Materials provided.
+ + + + +

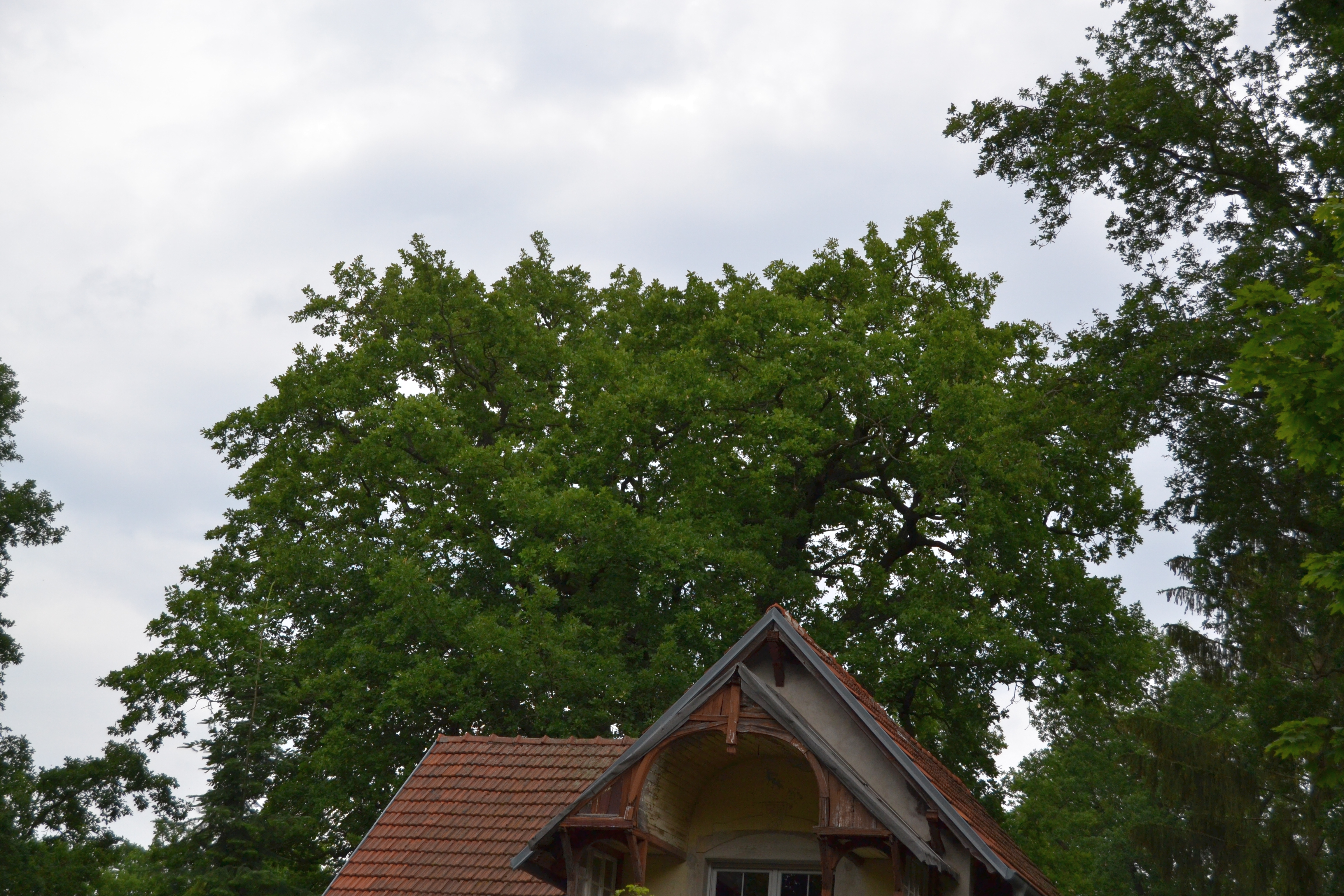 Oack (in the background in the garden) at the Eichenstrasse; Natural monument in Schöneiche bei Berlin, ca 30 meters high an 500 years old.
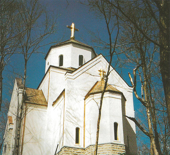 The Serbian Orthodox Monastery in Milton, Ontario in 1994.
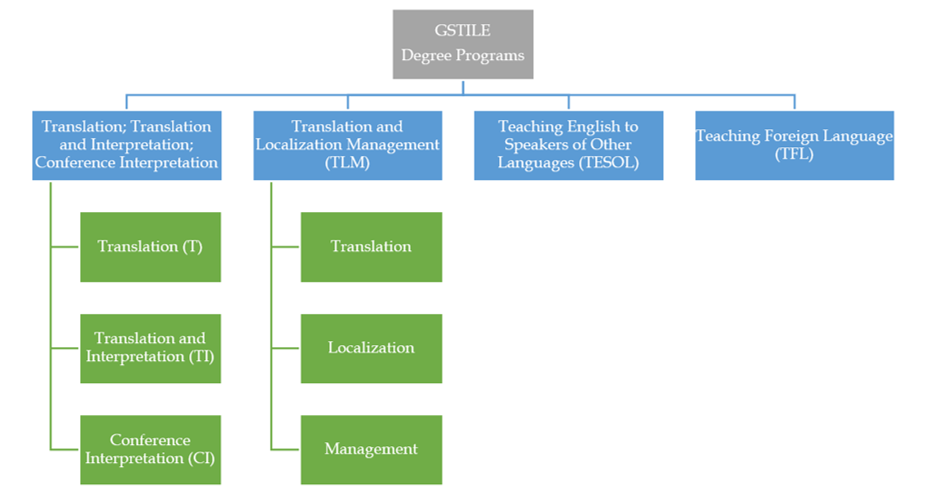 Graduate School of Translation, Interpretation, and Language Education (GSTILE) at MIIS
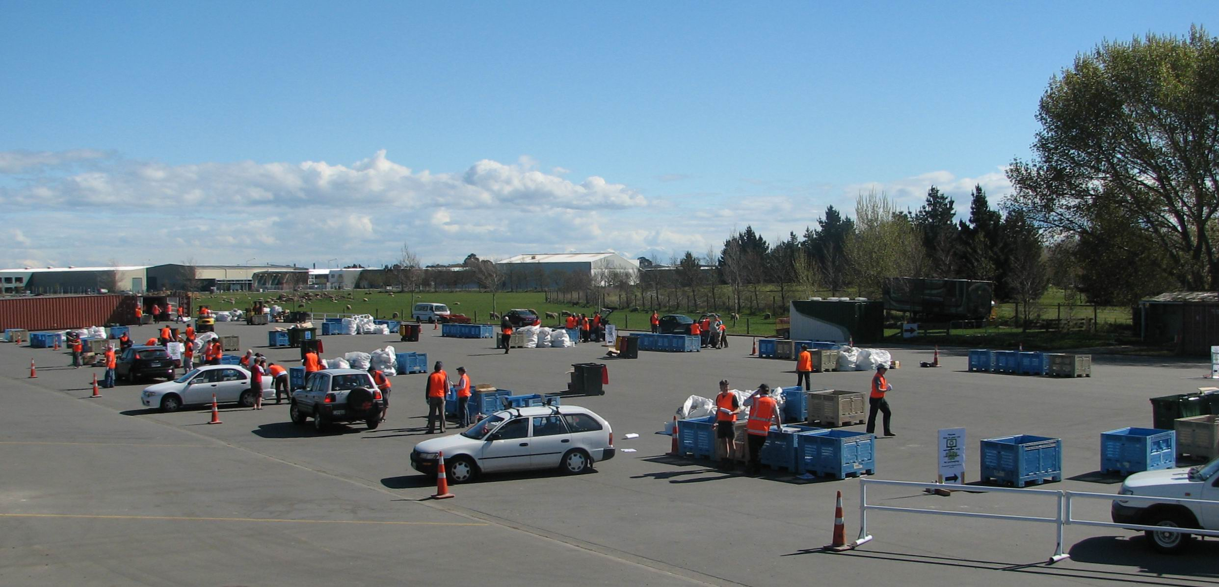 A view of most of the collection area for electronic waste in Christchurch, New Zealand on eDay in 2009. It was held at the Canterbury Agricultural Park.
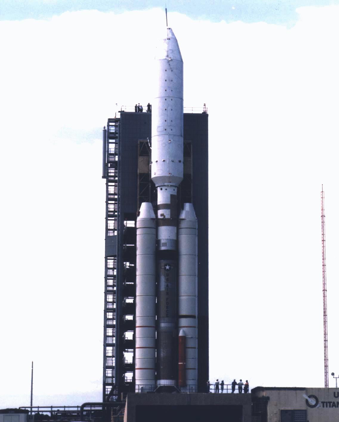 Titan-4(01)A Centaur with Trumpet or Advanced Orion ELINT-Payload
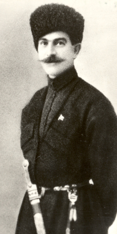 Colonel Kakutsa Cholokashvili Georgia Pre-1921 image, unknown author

+ + + + +

With pictures excluded, output the listing above exactly as it stands.

 Oack (in the background in the garden) at the Eichenstrasse; Natural monument in Schöneiche bei Berlin, ca 30 meters high an 500 years old.
 The Serbian Orthodox Monastery in Milton, Ontario in 1994.
 Graduate School of Translation, Interpretation, and Language Education (GSTILE) at MIIS
 A view of most of the collection area for electronic waste in Christchurch, New Zealand on eDay in 2009. It was held at the Canterbury Agricultural Park.
 Titan-4(01)A Centaur with Trumpet or Advanced Orion ELINT-Payload
 Colonel Kakutsa Cholokashvili Georgia Pre-1921 image, unknown author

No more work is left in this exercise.